Regarding the golf holes that were previously on the land, Hanse said: “I don’t know stylistically what it looked like. We know where the hole corridors were. It appears, either through the growth of the trees over the last 10 years since the course has been closed, or maybe intentionally, that the original design was very tight, and the corridors were very narrow.

“So, where we are using the existing corridors – which is very rare, almost every hole is routed in a different fashion from that golf course – we are making them significantly wider.

“The nice thing from our standpoint is, within the corridors, the plant palette is going to be great for us to try and transplant and use some of that material. There’s a lot of fescue that we can use for bunker faces. There’s a lot of broom that we can either transplant some younger portions of it or leave. I think the nicest thing about the open character of those corridors is that the plant material in there is very conducive to the look of course we’re trying to build.

“I’m excited about the bunkering,” continued Hanse. “I got a copy of The Architectural Side of Golf, and the recent Simpson biography, and just looked through his plans and his designs and tried to adapt some of the bunker patterns and maybe some of the holes, or at the least the concept of some of the holes he designed. The bunkering will probably be the most distinctive element, and the other thing we really worked hard on with the routing was to make sure it was very walkable. A very compact design with a lot of close tee-to-green transitions.”

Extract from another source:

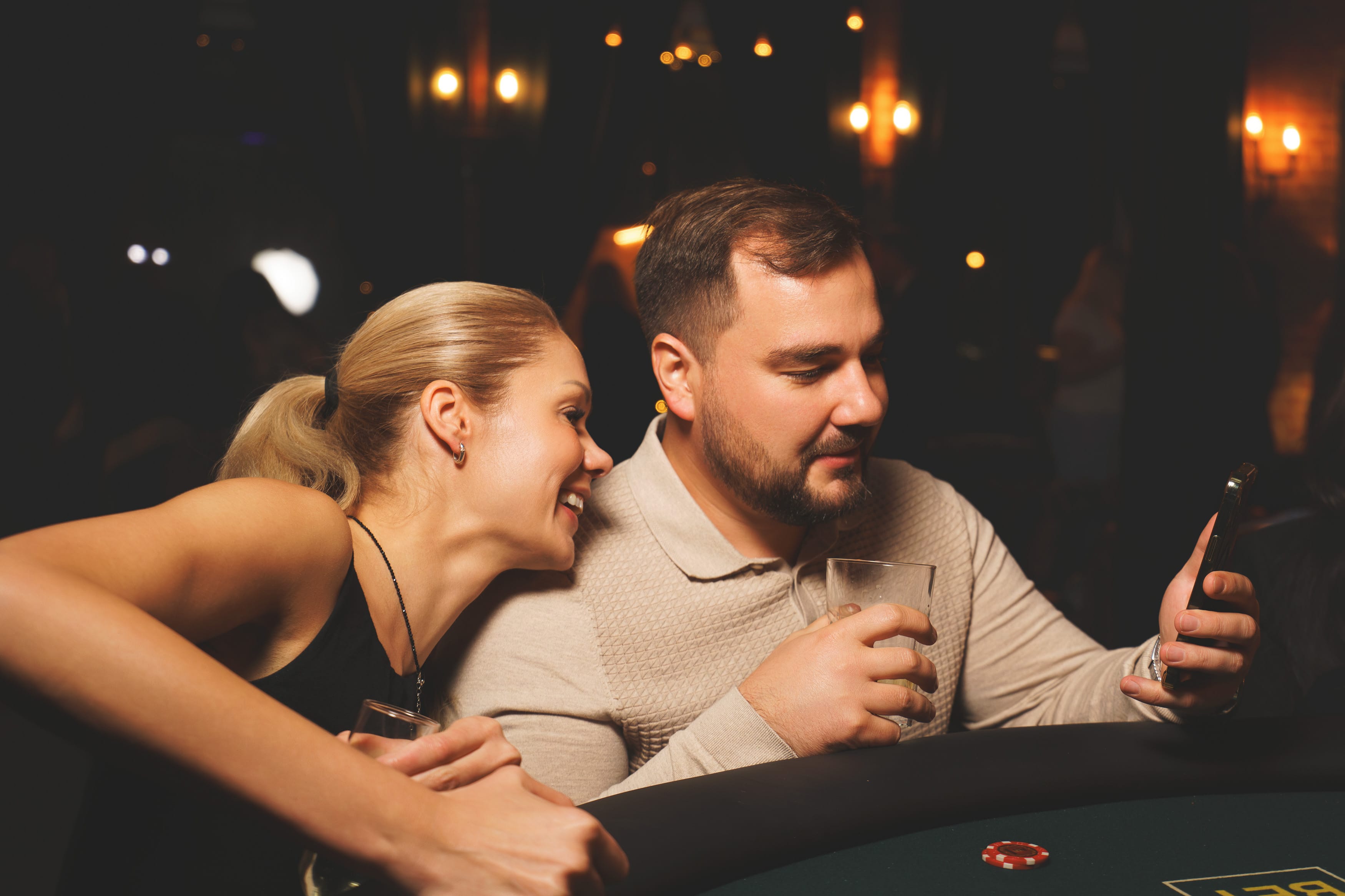На снимке – полумрачный зал, напоминающий казино, где в центре внимания – женщина в обтягивающем черном платье. Она сидит за столом, уставленным фишками и картами, в расслабленной позе, слегка наклонившись, возможно, обдумывая ход событий. Стол, покрытый бархатистым материалом, дополнен яркими фишками и картами, создавая контраст с приглушенным светом. Вдалеке видны карты, частично скрытые тенью, что добавляет интриги и ощущение ожидания. Эта фотография передает атмосферу роскоши, азарта и возможного риска.

The existing von Hagge course is widely regarded as one of the best in France. Asked whether he felt any pressure of designing a new course at Les Bordes, Hanse said: “It is an opportunity to understand what the highest level of expectation is. We know that the expectation is going to be high and we’re excited about that. In a way, it’s not dissimilar to what we did at Streamsong, having two highly regarded golf courses already there by golf architects we respect, and having to try and create something that works in concert with those. We’re excited that the standard of quality is already so high at Les Bordes, so it gives us something to aspire to.”

The project is Hanse’s first time working in Continental Europe. He often relocates to the site of courses that he works on, as he did with the recently re-opened No. 4 course at Pinehurst, as well as the Olympic course in Rio de Janeiro.

“I have fallen in love with the property. If the timing of the project goes as we anticipate with construction next year, my wife Tracey and I will relocate and probably spend two to three months living at Les Bordes before we start commuting. We have other projects that will be on the go that I will have to commute to. It’s a long commute but a good one!

“We’re excited, there’s a beautiful farmhouse on the property that they’re going to renovate, and we’ll stay there. If the timing goes well, we’ll probably stay there February through May, which should give us a lot of time to do a very good start on the feature construction and also establish the template for the look and for the style that we’re going for,” continued Hanse.

“Neil Cameron, one of our associates from Scotland, will be our guy on site. He’s been with us since Castle Stuart, so he’s got a great feel and he’s tremendously talented in his own right, so were excited we’ll have the proper attention.”

Longmuir said: “Gil will be working with his team, our greenkeeping staff and a local contractor for tree clearing etc. Jack Laws, the club professional previously at Sunningdale, and myself will not be directly involved in the build but you can be sure that we will be taking a keen interest in watching Gil at work!”

Construction is scheduled to start in January 2019 with the possibility that the course could be playable by early 2020.